Vector 12 Week 3 Learning Goals
Here are the knowledge and skills you should master by the end the third week.
12.1 Linear Transformations and Matrix Inverses
I should be able to do the following tasks:
- Determine whether a mapping from \(\mathbb{R}^n\) to \(\mathbb{R}^n\) is a linear transformation.
- Use the RREF of the corresponding matrix to determine whether \(T(\mathsf{x})\) is one-to-one and/or onto.
- Describe 2D linear transformations as a mixture of geometric operations, including expansion, contraction, reflection, rotation, shearing and dimension reduction.
- Perform a 2D translation using 3D homogeneous coordinates.
- Multiply an \(m \times n\) matrix with an \(n \times p\) matrix to get an \(m \times p\) matrix.
- Determine whether a \(2 \times 2\) matrix is invertible.
- Find the inverse of a \(2 \times 2\) matrix by hand.

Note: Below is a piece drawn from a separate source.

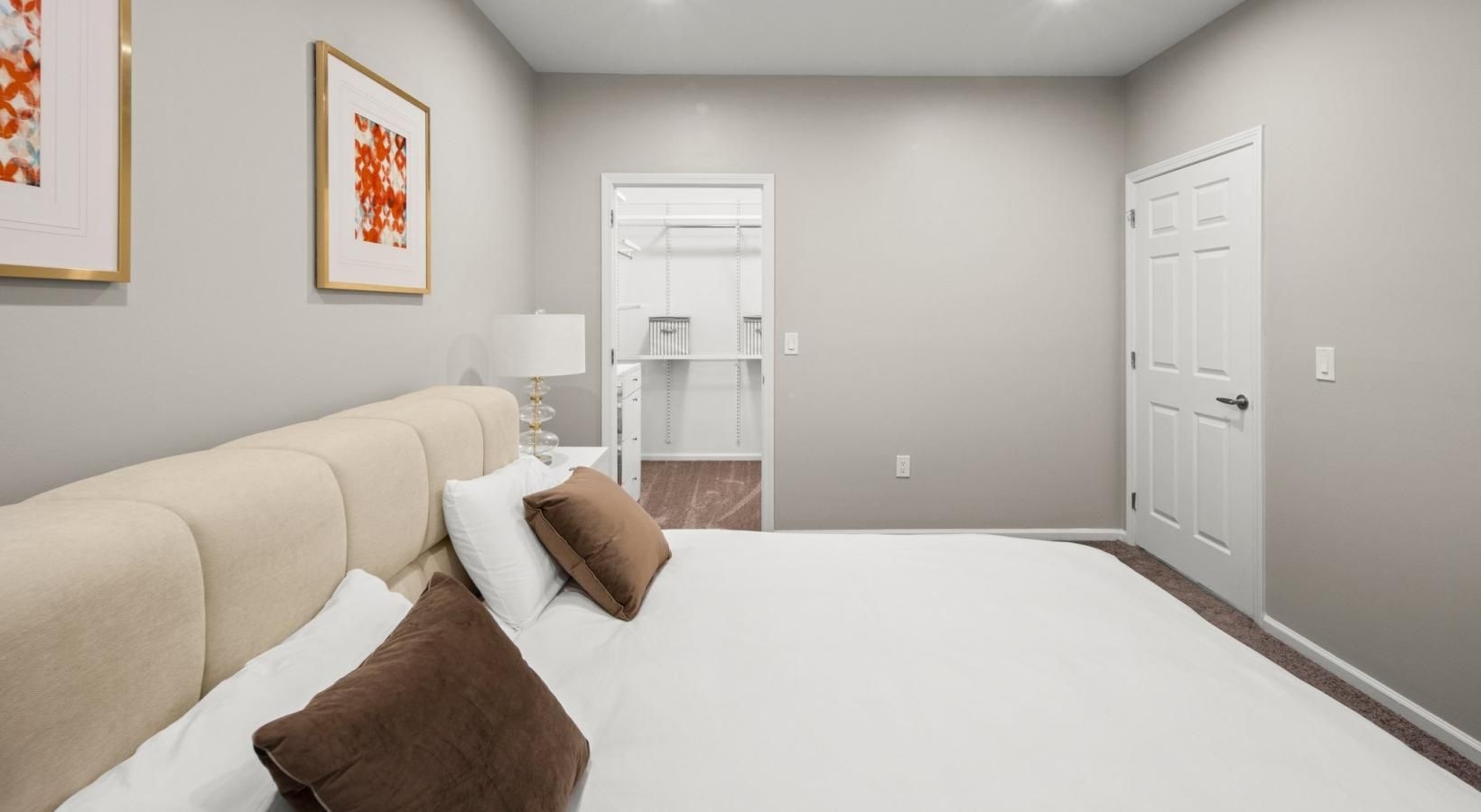 • a bedroom with a bed and a lamp

- Use RStudio to check for invertiblity and to find the inverse of an \(n \times n\) square matrix.
- Explain the connection between Gaussian Elimination, elementary matrices, and the matrix inverse.
12.2 Vocabulary
I should know and be able to use and explain the following terms or properties.
- linear transformation: \(T(a \mathsf{u} + b \mathsf{v}) = a T(\mathsf{u}) + b T(\mathsf{v})\)
- domain, codomain (aka target) and range (aka image)
- \(T\) maps vector \(\mathsf{x}\) to its image \(T(\mathsf{x})\)
- one-to-one
- onto
- standard matrix for a linear transformation
- homogeneous coordinates
- transpose of a matix
- invertible matrix
- elementary matrices
12.3 Conceptual Thinking
I should understand and be able to explain the following concepts:
- A linear transformation \(T: \mathbb{R}^n \rightarrow \mathbb{R}^m\) corresponds to multiplication by an \(m \times n\) matrix \(A\).
- \(T(\mathsf{x})=\mathsf{A} \mathsf{x}\) is a one-to-one linear transformations if and only \(\mathsf{A}\) has linearly independent columns
- \(T(\mathsf{x})=\mathsf{A} \mathsf{x}\) is an onto linear transformations if and only if the columns of \(\mathsf{A}\) span \(\mathbb{R}^m\).
- The Invertible Matrix Theorem (Section 2.3, Theorem 8, page 112) is one of the highlights of the course! It gives 12 different conditions that all equivalent! You should think deeply about why everything comes together like this for square matrices.